- Born: August 4, 1991 (age 34) Italy
- Education: Lund University, Bournemouth Art University
- Notable work: In Visible Light, Azul no Azul

= Gianmarco Donaggio =

Italian film director (born 1991)

Gianmarco Donaggio (born 4 August 1991) is an Italian experimental film director and cinematographer.

== Career ==
In 2010–2020, Donaggio lived and worked between the UK and Norway. He debuted as a film director at the Pesaro Film Festival with the film Manifestarsi (2021), in the years following he produced the film performance In Visible Light (2023). He is a member of the European Film Academy, and a former Berlinale Talents.

He graduated in image philosophy at the University of Lund. His works are primarily non-narrative and are presented as a reflection on image and motion.
His works have been presented in various European contemporary art museums, art biennials, and film festivals.

== Works ==

=== Live performed films ===

- In Visible Light (2023)
- Iconocrom (2023)

====In Visible Light====
In Visible Light is a 2023 Italian experimental film, directed by Donaggio.

In Visible Light world premiered October 13, 2023 at the MIRAGE Film Festival in Oslo, it was shown twice in different formats.

The film is edited differently every time it is shown, making it a performance-film.

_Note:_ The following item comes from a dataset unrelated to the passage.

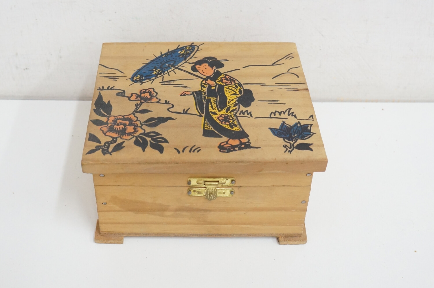 Scatola di Legno con decorazioni Giapponesi – Lembranca de Pacos de Caldos – Vintage

It was presented as "a colorful audiovisual experience when the Italian filmmaker Gianmarco Donaggio performs his cinematic experience live, paying tribute to electricity and power."

=== Dance Films ===
Nymøn (2023)

=== Shorts ===
- Azul no Azul (2022)
- Manifestarsi (2021)
- Milano di Carta (2020)

=== Music videos ===

- Spøkelsesby - Hasse Farmen (2023)

== Writing ==
- 2021. Donaggio, Gianmarco "Cinematic Duration as Violence across Cinematography History and Samples" Cinematography in Progress.
- 2022. Donaggio, Gianmarco. "The dancing qualities of the cinematic space" Lund University. Dept. of Arts and Cultural Science.